After starting their American tour in Washington D.C. at the Kennedy Center on April 7, the ATOS Trio came to New York to play two different programs on Saturday evening and Sunday afternoon.

If these young musicians were challenged by such a taxing schedule, it certainly did not show. Easing into their program at the New School with Rachmaninoff’s “Trio élégiaque” No. 1, they immediately engaged the audience with their intimate playing.

Unfortunately though, the performance venue proved to be a hindrance. During the almost inaudible opening of the piece, loud squeaking from a seat in the audience added an extra musical element, as did the back-up beep from a truck outside at the equally quiet closing. The acoustics of the oval-shaped Tishman Auditorium perfectly project the sound from the stage, but that also included more creaking coming from the piano benches on which Hoppe and Heinemeyer sat, as well as from seats in the well-filled auditorium. It is not often that one has to strive to ignore extraneous noises in order to concentrate on the performance. The effort was well worth it though, as the Trio perfectly shaped the dramatic arch of Rachmaninoff’s youthful one-movement work. From its hushed beginning it grew into full-blooded passion, with perfectly matched octaves between violin and cello, and finally back to a funereal closing.

Also in G minor, Dvorák’s Piano Trio No. 2, Opus 26, was written when the composer was 35 years old. However, in this work, unlike in his much more popular later trios in F minor and E minor (“Dumky”), the composer has not really found his individual voice yet, except perhaps for the folk-like elements in the Trio of the 3rd movement. In the finale he gets stuck on a short rhythmic motif, as sometimes happens to Schubert, and it lacks long melodic lines. Nevertheless, the ATOS Trio made the most of Dvorák’s early effort, including moments of great delicacy in the Coda of the first movement, and Heinemeyer’s beautiful cello solo at the opening of the second.

The highpoint of the afternoon was one of the cornerstones of the chamber music literature, the “Archduke” Trio. Beethoven was only six years older than Dvorák when he wrote it, but it shows him to be a master of the genre. Among the largely senior audience many chamber music lovers were undoubtedly intimately familiar with this work; it speaks to the quality of the ATOS Trio’s performance than several elderly women came up to the artists in the lobby afterwards, raving that they had heard it played often, but never better.

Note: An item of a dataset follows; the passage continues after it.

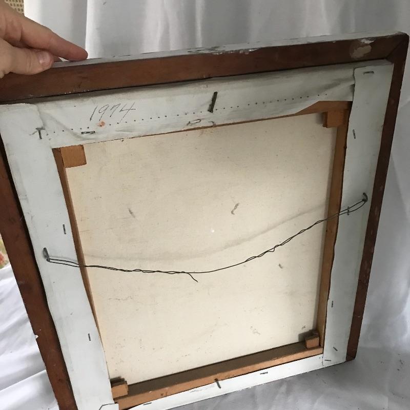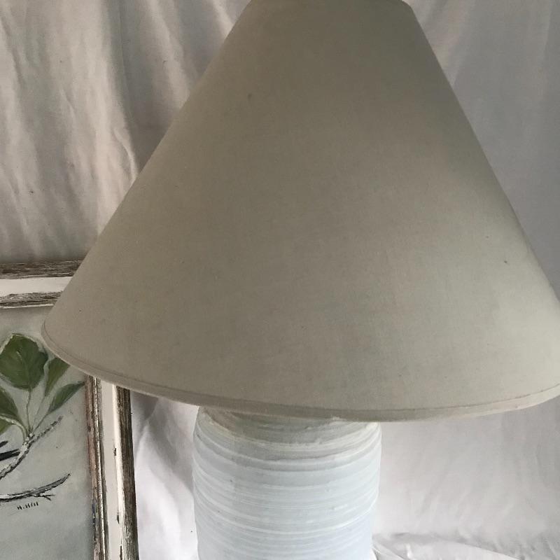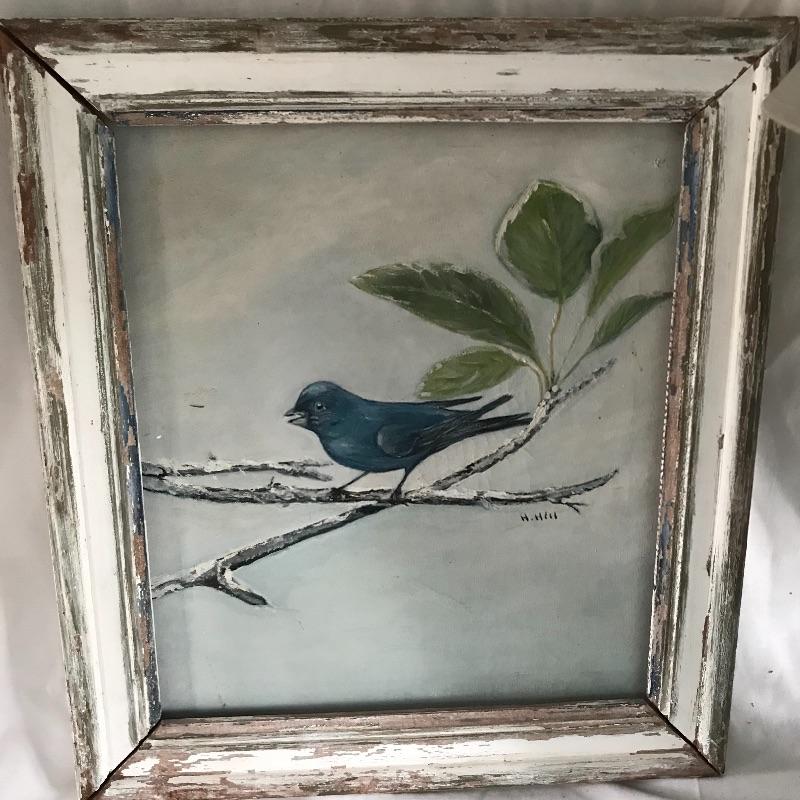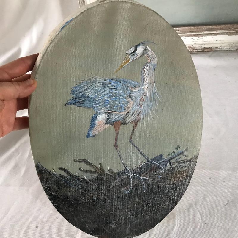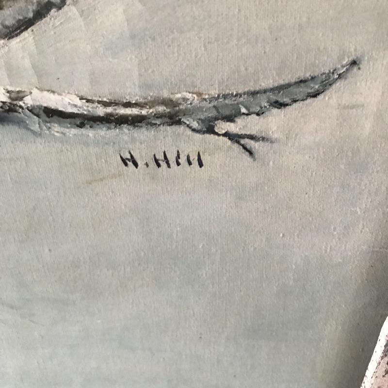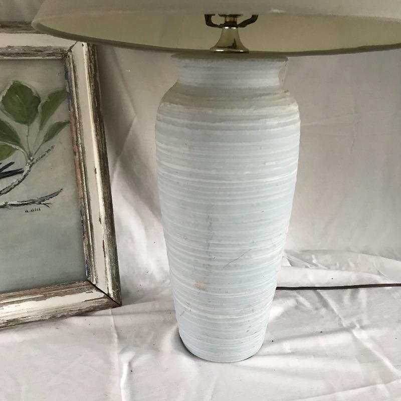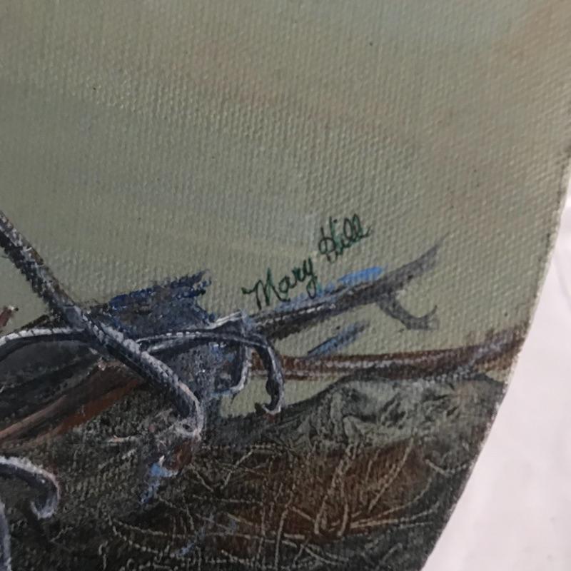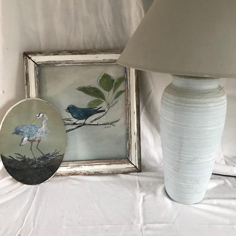 Lot includes two oil paintings and one lamp, all with similar light blue hues. Larger painting is approx. 18” x 16” and signed by Helen Hill. Smaller painting is approx. 12” tall and signed by Mary Hill. Lamp is approx. 28” tall. Local pickup only.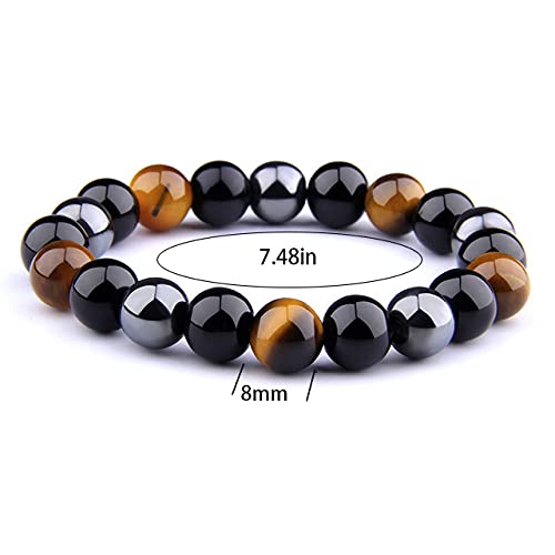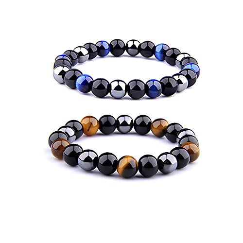 CSIYANJRY99 - سوار خرز مغناطيسي بلون اسود مضاد للتورم للرجال والنساء من سيانجري 99 معصم مصنوع حجر عين النمر لتخفيف التوتر وممارسة اليوجا قطعتين adjustable

One of the characteristics which distinguished this performance was an impeccable inner coherence between the musicians, with gentle guidance by the cellist. Without overtly “leading”, Stefan Heinemeyer has an artistic presence which envelops the Trio like a field of energy, unifying their approach. This is not to say that things have not been meticulously worked out in rehearsal – the judicious use of matched poco vibrato of the string players, the exquisite balances between all the instruments, as well as tempos, structure and moods. The section at the end of the development in the first movement – starting pianissimo with pizzicatos in the cello and violin, ethereal trills on the piano, ever increasing in intensity, then dynamics, but finally yielding to a piano recapitulation – was the perfect example of both, meticulous preparation and artistic instincts bringing it to fruition.

In the Scherzo the relaxed side of Beethoven emerged, and his mysterious moods and unexpected outbursts in the Trio section. For the Andante pianist Thomas Hoppe found just the right tempo for his most noble opening statement, and in the second variation Annette von Hehn and Stefan Heinemeyer traded perfectly matched and tuned delicate figurations, eventually leading into the spirited finale, and a blazing Presto to conclude. The last movement of Haydn’s Piano Trio in A major (Hoboken XV/18) followed as an encore. As admirable and even breathtaking the ATOS Trio’s technical skill is, what sets it apart from other ensembles is the even more impressive understanding and execution of quiet moments. Still in their 30s, these young musicians have already transcended virtuosity and established themselves as artists.